Parallelism and scheduling

Parallelism and Scheduling Deep Dive¶

Overview¶

Parallelism is a capacity control decision, not just a performance trick. In coroutine systems, limiting parallelism often improves stability and p99 latency.

Core Concepts¶

logical concurrency vs actual parallel execution
limitedParallelism constrains concurrent tasks
fairness and throughput tradeoffs
contention-aware scheduling

Internal Implementation¶

limitedParallelism creates a constrained dispatcher view that throttles active work while still using the parent dispatcher's infrastructure.

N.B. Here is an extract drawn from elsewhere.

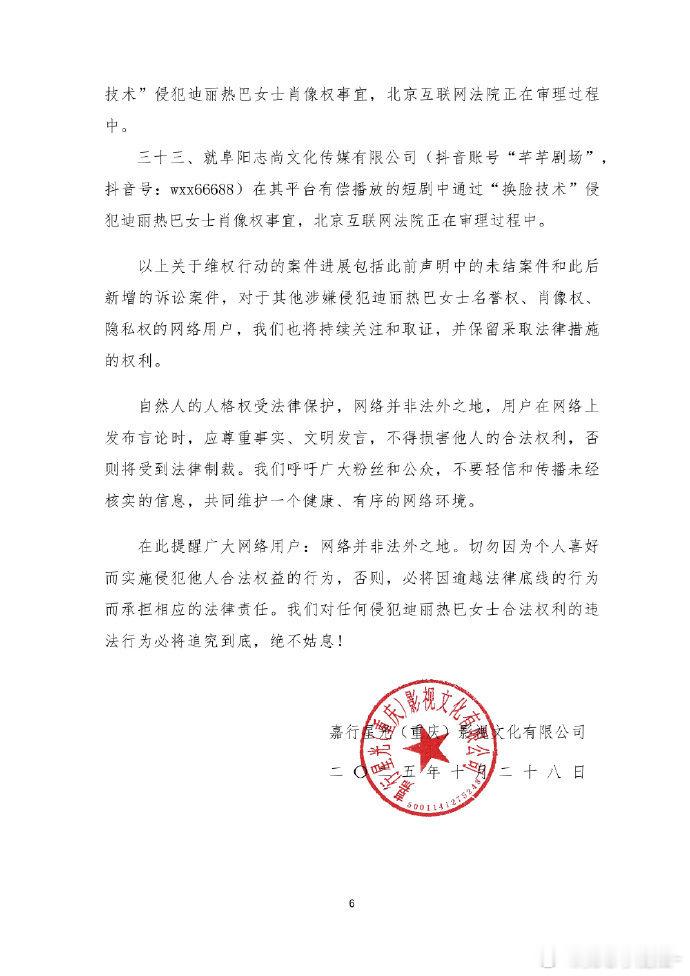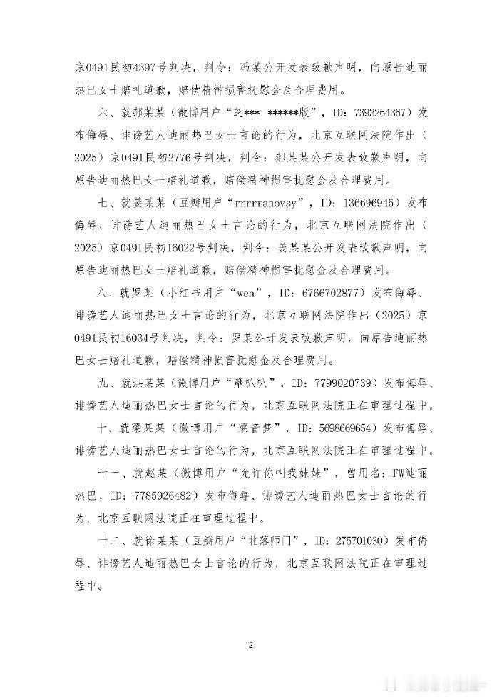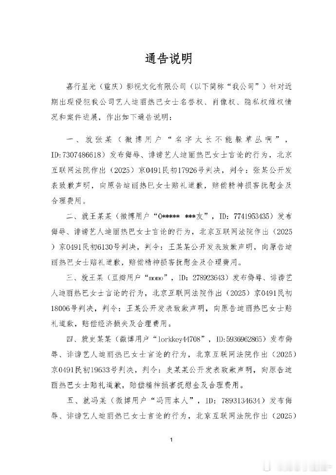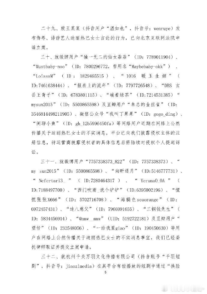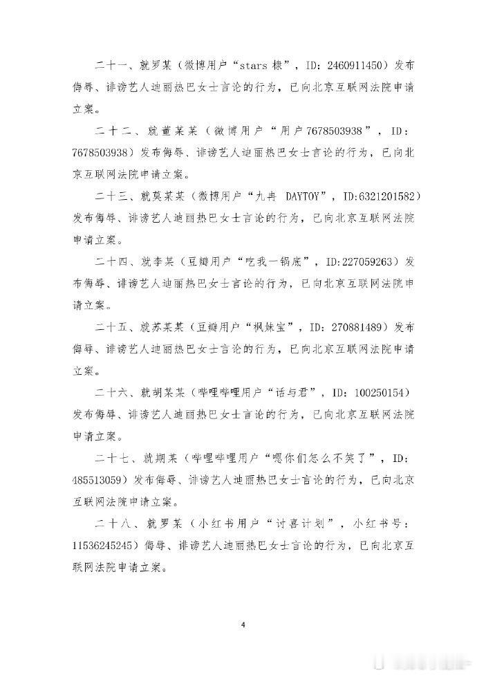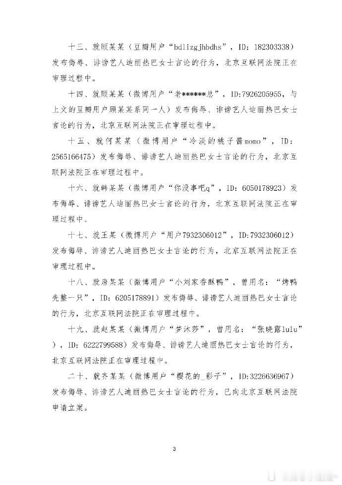 迪丽热巴最新告黑声明,告了好多人

This provides a lightweight control boundary without introducing a new executor.

Threading Model¶

Limiting parallelism helps protect scarce resources:

DB connection pools
remote APIs with rate limits
CPU-heavy transforms

It does not eliminate thread contention; it reduces pressure on shared pools.

Coroutine / Flow Behavior¶

In Flow-heavy systems, parallel map/merge operations can overwhelm downstream. Applying bounded concurrency keeps pipelines predictable under load.

Code Examples¶

val limited = Dispatchers.Default.limitedParallelism(4)

suspend fun process(items: List<Item>) = coroutineScope {
    items.map { item ->
        async(limited) { transform(item) }
    }.awaitAll()
}

Common Interview Questions¶

Q: When should you use limitedParallelism? A: Lead with correctness then throughput: choose dispatcher by workload type, keep critical sections small, cap parallelism, and monitor tail latency and queue depth.
Q: Is it equivalent to a fixed thread pool? A: Lead with correctness then throughput: choose dispatcher by workload type, keep critical sections small, cap parallelism, and monitor tail latency and queue depth.
Q: How do you pick the limit value? A: Answer with correctness first and throughput second: cancellation model, dispatcher choice, bounded parallelism, and contention or latency measurements.
Q: What metrics validate the chosen bound? A: Answer with correctness first and throughput second: cancellation model, dispatcher choice, bounded parallelism, and contention or latency measurements.

Production Considerations¶

start conservative and tune with metrics
separate limits per bottlenecked dependency
revisit limits as workload profile changes
avoid one global limit for unrelated workloads

Performance Insights¶

High parallelism can improve average throughput but hurt tail latency. Bounded scheduling often stabilizes responsiveness and reduces queue collapse.

Senior-Level Insights¶

Staff-level discussions should include concurrency budgets and SLO alignment: parallelism choices should be tied to reliability targets, not guesswork.